L’OPEP+ réduit fortement sa production
Hier, lors d'une réunion à Vienne, l’OPEP+ a décidé de réduire ses quotas de production de 2 millions de barils par jour (mpj). En réalité, cette coupe ne devrait s'élever "qu'à" 1,3-1,5 mbj (environ 1,5 % de l’offre mondiale de pétrole), vu que le cartel et ses partenaires peinent déjà à atteindre leurs quotas aujourd'hui. La réaction du marché ne s’est donc pas fait attendre et le cours du baril est repassé au-dessus des 93 dollars.
Réduction de l’OPEP+
Ce brusque renversement s'explique par une décision stratégique de mieux aligner la production de pétrole sur les évolutions macroéconomiques. Face à la perspective d'un ralentissement de la croissance économique – et même d'une récession dans de nombreux cas –, l’OPEP+ entend logiquement soutenir le cours de l'or noir (et donc ses revenus). Contrairement à la décennie précédente, ces pays n'ont pas à s’inquiéter d’une éventuelle perte de parts de marché. Les producteurs de pétrole de schiste américains réagissent en effet désormais de manière beaucoup plus réservée à la hausse des prix pétroliers, notamment à cause de l’avenir de plus en plus incertain de cette l’industrie dans le cadre de la lutte contre le changement climatique. L’OPEP+ pourrait donc encore sabrer sa production, malgré un marché déjà très serré d’un point de vue historique.
Libération des SPR prolongée ?
La décision définitive autour de la libération des réserves de pétrole stratégiques (SPR) est par ailleurs très attendue. Depuis l’invasion russe de l’Ukraine, plusieurs économies avancées, États-Unis en tête, ont décidé de libérer une partie de leurs stocks stratégiques. Ainsi, depuis mars, Washington a injecté en moyenne 750 000 barils de pétrole par jour sur le marché dans le but de faire baisser les prix à la pompe (avec un œil sur les prochaines élections ?). Joe Biden n'est pas le premier président américain à puiser dans ces réserves. Certains de ces prédécesseurs l'ont également fait. Mais, dans cette crise, les libérations sont un peu plus importantes et durent un peu plus longtemps. Les réserves de pétrole stratégiques ont ainsi quasiment diminué de moitié (voir le graphique). À l’origine, ces libérations devaient prendre fin en septembre, mais de plus en plus de voix au Congrès américain plaident en faveur d'une poursuite du programme. Ne serait-ce que parce que l’embargo européen sur les importations de pétrole russe va bientôt commencer, avec probablement des conséquences négatives sur l’équilibre du marché et une forte réorientation des flux pétroliers. Il est peu probable qu’un tel glissement de la demande se fasse sans heurts.

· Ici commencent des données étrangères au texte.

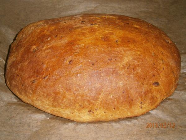z mlieka, cukru a kvasníc som si urobila kvások, pridala do ostatných surovín a vypracovala ručne cesto, ktoré som nechala kysnúť 30 minút ... potom som ho dala na dosku, ešte raz premiesila, vytvarovala do tvaru bochníka, dala na plech vyložený papierom na pečenie a nechala ešte kysnúť dalších 15 minút ... nakysnutý bochník som potrela slanou vodou a dala piecť na 15 minút na 200 stupnov a zvyšných 45 minút na 160 - 170 C - regulovala som, záleží od rúry akú kto má 🙂
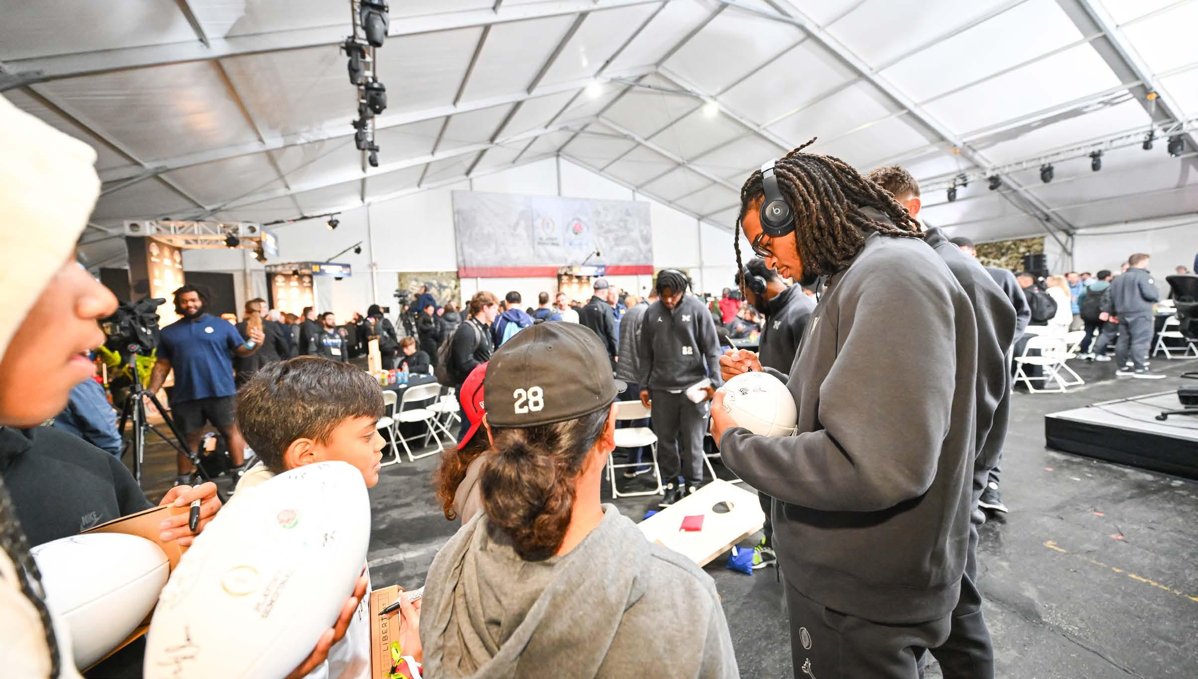 Teams from the Snoop Youth Football League were invited to attend the team media day at the CFP Semifinal at the Rose Bowl Game presented by Prudential. SYFL is a non-profit organization founded by rapper and entertainer Snoop Dogg, that provides inner city children with the opportunity to participate in youth football and cheerleading. The two 12U teams selected, the Reps and the SB 49ers, observed Michigan and Alabama’s media sessions, collected autographs and had a chance to interact with their favorite players. Following the event, both youth football teams were led on a private tour of the stadium and enjoyed lunch from In-N-Out Burger.
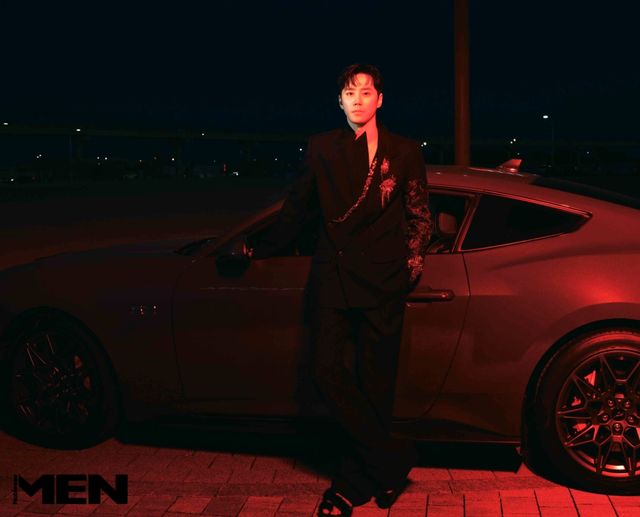 골드 엠브로이더리 디테일 재킷과 와이드 핏 팬츠, 모피 샌들 모두 Dries Van Noten,머스탱 GT 차량 Ford.
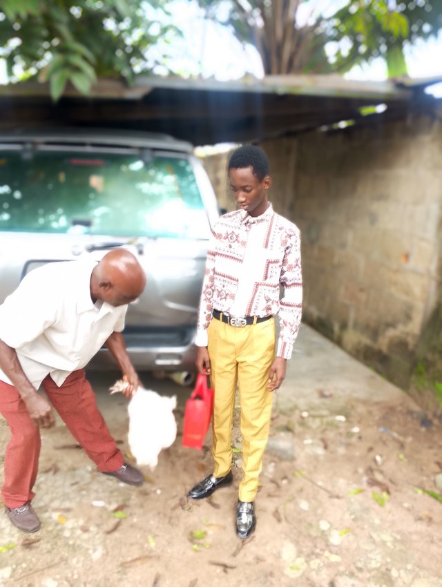 The most significant change, however, is captured when the focus moves from self to interaction. In these images, an elder gentleman walks into the frame, carrying a red bag and a large, dressed chicken.
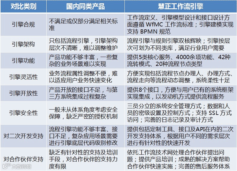 慧正工作流引擎与国内工作流产品对比
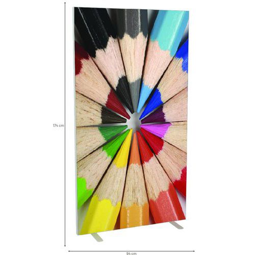 Irodai térelválasztó vászon paraván különböző színű és mintájú kivitelekben. A vászon tűzállósága M1 kategóriába tartozik, 30°-on mosható. Két, fehérre lakkozott, stabil acéllábbal. A paraván gyorsan és egyszerűen összeszerelhető. Gyártói garancia az ügyfélnek : 10 év

Prix élevés pour longtemps ?
D’un point de vue structurel, la diminution des investissements dans le pétrole de schiste américain et les sanctions occidentales à long terme (par ex. sur la technologie d’extraction) à l’encontre de la Russie, l’un des plus grands producteurs de pétrole au monde, mettent les coûts de production sous pression. À cela s'ajoute le fait que les stocks stratégiques devront tôt ou tard être reconstitués (le président Biden envisage à cet égard de racheter du pétrole lorsque le prix du marché sera repassé sous la barre des 80 dollars le baril). Tout cela laisse présager une hausse plutôt qu'une baisse structurelle de l'or noir. Indépendamment de cette tendance, la décision prise hier par l’OPEP+ souligne une nouvelle fois ce constat : les marchés de l’énergie resteront particulièrement volatils à court terme.